By JJ Watts
Diversifying your investments is one of the best strategies to protect your portfolio. By spreading your assets across different types and categories of investments, you reduce your risk and improve your asset appreciation and potential gains. To pick the asset allocation that is best for you, it’s necessary to take a look at your goals and financial situation. Evaluate your comfort level when it comes to risk, because some of the riskier investments may also have the best potential returns. By doing this, and creating a mix of different investments such as stocks, mutual funds, bonds, and more aggressive plays, you can balance out risk and create the opportunity to increase your portfolio’s value.
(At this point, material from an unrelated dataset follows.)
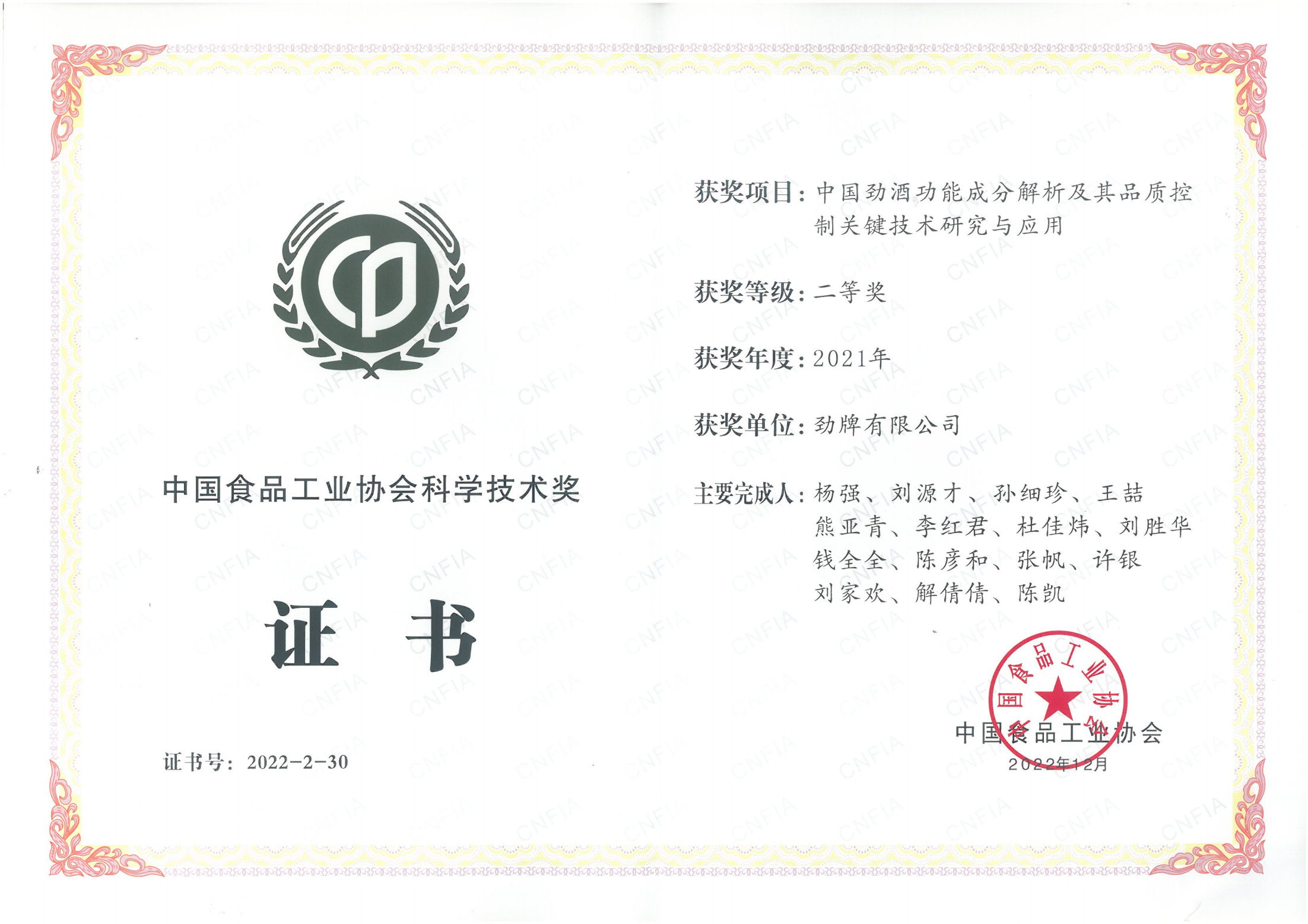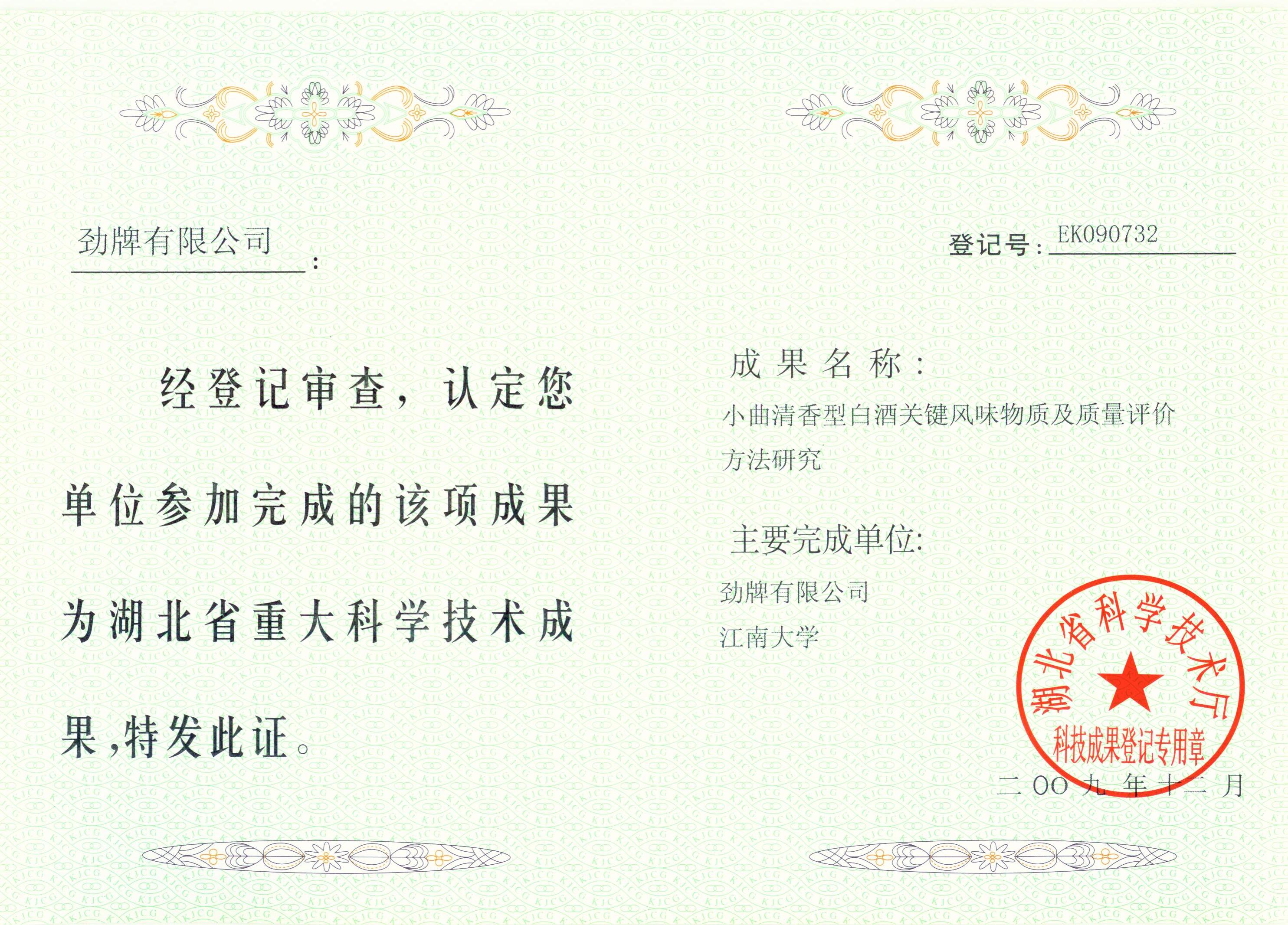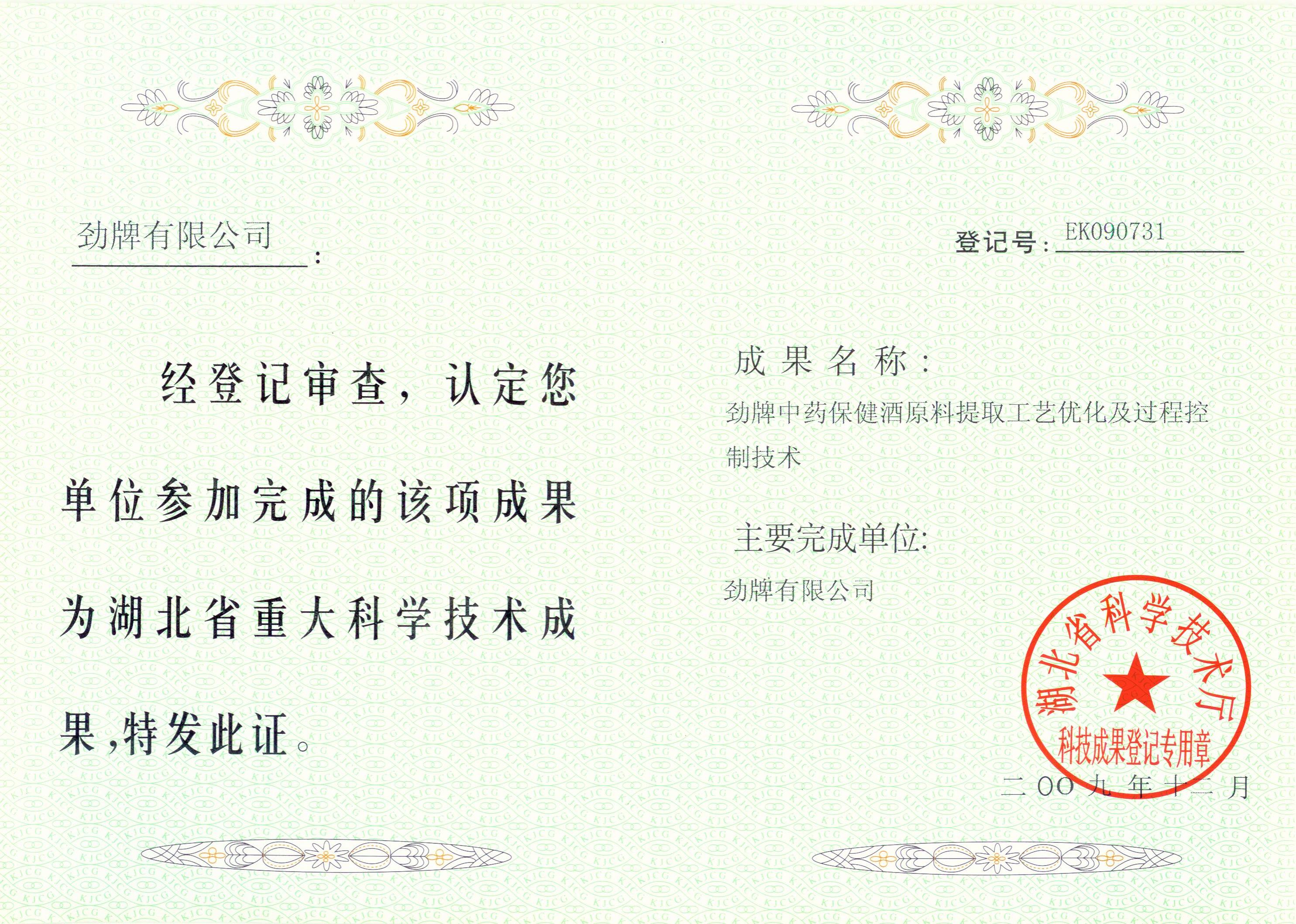 近年來,公司圍繞保健酒、草本白酒和中草藥新產(chǎn)品研發(fā)、產(chǎn)品改進和基礎應用技術(shù),在中藥數(shù)字化提取、小曲酒釀造新工藝、中藥指紋圖譜等核心技術(shù)方面擁有自主知識產(chǎn)權(quán),通過行業(yè)協(xié)會等鑒定機構(gòu)技術(shù)評估22項,其中15項成果鑒定為“國際領(lǐng)先”水平,7項成果鑒定為“國際先進”水平。

Check Your Portfolio for Diversity
Investors often turn to asset allocation funds to expand their holdings. This type of fund, for instance, may be a 60/40 offering that invests 60% in stocks while keeping the other 40% in bonds or cash. You can also add mutual funds to further diversify although it’s a good idea to be sure that no more than 25% of your money is in any one holding. Selecting a mix of global equities and including both small and large-cap companies in your portfolio is also recommended. It’s also very important to analyze the underlying holdings. By looking at the top 10 to 15 stocks that make up each fund, you can make sure that your money is not over-invested in a single company or type of stock.
Diversify with Specialty Funds and High Gain Opportunities
If diversity is your goal, it’s important to consider other investments besides typical stocks and bonds. A real estate fund can provide a valuable hedge against inflation and provide an opportunity you could not structure on your own. You can also tap into commodity funds to further reduce your inflation risk. Savvy investors also find success when they devote a small portion of their portfolio to the most promising penny stocks. By researching the best penny stocks to buy now, it’s possible to leverage your knowledge and capitalize on some up and coming companies. It’s best to choose offerings on the regulated exchanges versus the over-the-counter (OTC) marketplace.
Rebalance Your Portfolio
Once you have created your mix of varied investments, you should rebalance your holdings regularly. While some do this annually, most professionals recommend rebalancing quarterly or whenever your asset mix moves over 10% from the target mix you set previously. By moving money, you can rebalance your allocations. Don’t have the time to look at your holdings, the market and risk tolerance? There are robo-advisors that can check your holdings and do the rebalancing for you. Robo-advisors are digital platforms that provide automated, algorithm-driven financial planning. With fees of approx. 0.25% per year compared to the 1% that human financial advisors typically charge, robo-advisors are becoming more mainstream.
Approaching retirement age? It’s always a good idea to re-evaluate your portfolio diversification as you approach retirement. To protect your nest egg, it may be wise to reduce risk by moving money from stocks and any speculative investments into income-producing bonds and cash.